▶ _Required work_
Leaving out the images, return the data below exactly as it is written.

▶ _Given information_
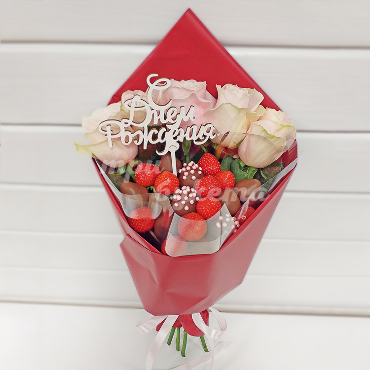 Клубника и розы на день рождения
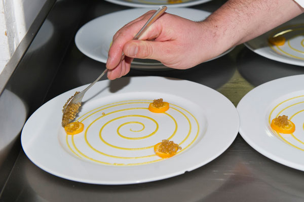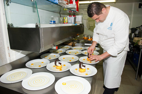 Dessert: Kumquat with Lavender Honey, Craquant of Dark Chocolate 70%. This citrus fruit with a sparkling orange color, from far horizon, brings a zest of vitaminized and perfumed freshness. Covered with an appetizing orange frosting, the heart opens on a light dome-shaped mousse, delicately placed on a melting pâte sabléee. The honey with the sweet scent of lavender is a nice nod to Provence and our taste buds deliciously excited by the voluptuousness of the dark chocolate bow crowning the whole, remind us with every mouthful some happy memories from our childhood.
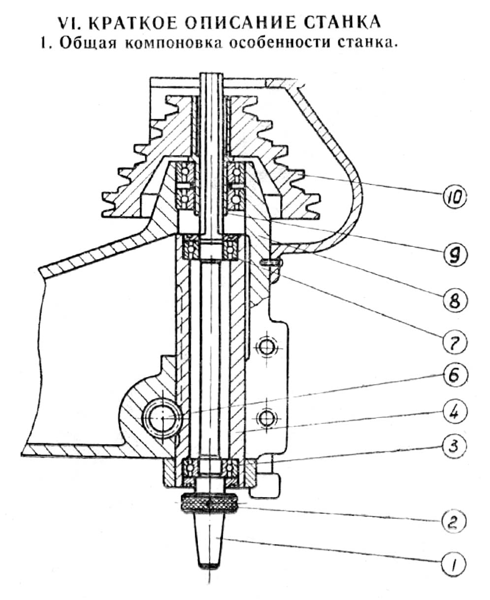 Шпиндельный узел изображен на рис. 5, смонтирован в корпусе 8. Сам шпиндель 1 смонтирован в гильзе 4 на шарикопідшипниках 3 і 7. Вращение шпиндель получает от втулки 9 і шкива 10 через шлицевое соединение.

▶ _Written answer_
 Клубника и розы на день рождения
 Dessert: Kumquat with Lavender Honey, Craquant of Dark Chocolate 70%. This citrus fruit with a sparkling orange color, from far horizon, brings a zest of vitaminized and perfumed freshness. Covered with an appetizing orange frosting, the heart opens on a light dome-shaped mousse, delicately placed on a melting pâte sabléee. The honey with the sweet scent of lavender is a nice nod to Provence and our taste buds deliciously excited by the voluptuousness of the dark chocolate bow crowning the whole, remind us with every mouthful some happy memories from our childhood.
 Шпиндельный узел изображен на рис. 5, смонтирован в корпусе 8. Сам шпиндель 1 смонтирован в гильзе 4 на шарикопідшипниках 3 і 7. Вращение шпиндель получает от втулки 9 і шкива 10 через шлицевое соединение.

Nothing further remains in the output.